Several studies have reported an effect of SNPs located in the IL18 promoter region on transcriptional activity16, 28, 29, 30 or IL-18 production by monocytes.31 Although there is a large heterogeneity between studies in the size of the fragments cloned, the various constructs, the cell lines and the SNPs studied, the haplotype harboring the T−105 allele (differently named according to studies) was repeatedly found associated with a decreased transcriptional activity. This effect was generally more easily detectable when the cell lines were challenged with LPS, PMA or other stimuli. This might explain why we did not detect any effect of the C-105T polymorphism alone. However, the C−105G+183 haplotype, which was in this study the haplotype associated with the lowest activity, was ignored in all previous studies that focused only on SNPs in the promoter.
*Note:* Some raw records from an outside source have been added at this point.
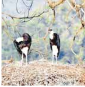
हरिभूमि न्यूज़ | तैदूखेड़ा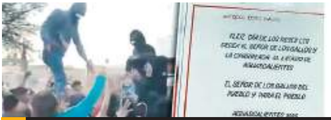
Reparten juguetes en nombre del 'Mencho', en Aguascalientes.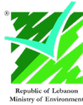
Government of Lebanon

وضع هذه التوصيات فريق العمل المعني بالشفافية والإبلاغ، من محفز العمل المناخي لمؤتمر الأطراف السادس والعشرين، ويشمل الفريق ممثلين من البلدان والمنظمات الواردة أدناه. تؤيد هذه المؤسسات التوصيات في وقت النشر الأولي لها، وندعو مزيد من المنظمات والبلدان إلى تأييد التوصيات أثناء مؤتمر الأطراف السادس والعشرين وبعده .

The allelic imbalance experiments showing a lower IL18 gene expression associated with the C−105G+183 haplotype do not necessarily imply that the haplotype is functional by itself. This haplotype may act as a marker of a yet unidentified regulatory polymorphism in LD with it. Our molecular screening covered the regions of the gene a priori the most likely to be functional, and with 190 chromosomes screened, it had a power of 99.5% of detecting all polymorphisms with a minor allele frequency >0.01. However, we cannot rule out the possibility that a regulatory polymorphism located in an intron or at a longer distance of the IL18 gene was missed. Cis-acting regulatory elements have already been described to act on gene expression over a very long distance, more than 100 kb,32 but such interactions might be very difficult to analyze. Another interpretation might be that the haplotype itself is functional, for example by affecting the binding to transcription factors. Although the A+183G SNP is located in 3′-UTR, it is possible that the 5′- and 3′-UTR interact in the regulation of the expression by a folding of the DNA strand. Finally, it must be kept in mind that the C-105T polymorphism belongs to a group of four polymorphisms in nearly complete association. One (T-119G) is located in the close vicinity of C-105T, whereas the two others (G-368C and T-1529C) are further upstream in 5′. It is not possible from our experiments to disentangle the effect of these four SNPs, or even to determine if it is their haplotypic combination which is functionally relevant.

In conclusion, we identified a haplotype that was consistently associated with lower IL18 expression levels, lower IL-18 circulating concentrations and a lower risk of cardiovascular death. Although the exact functional mechanisms remain to be elucidated, these results strongly reinforce the hypothesis of an etiologic role of IL-18 in atherosclerosis and its complications.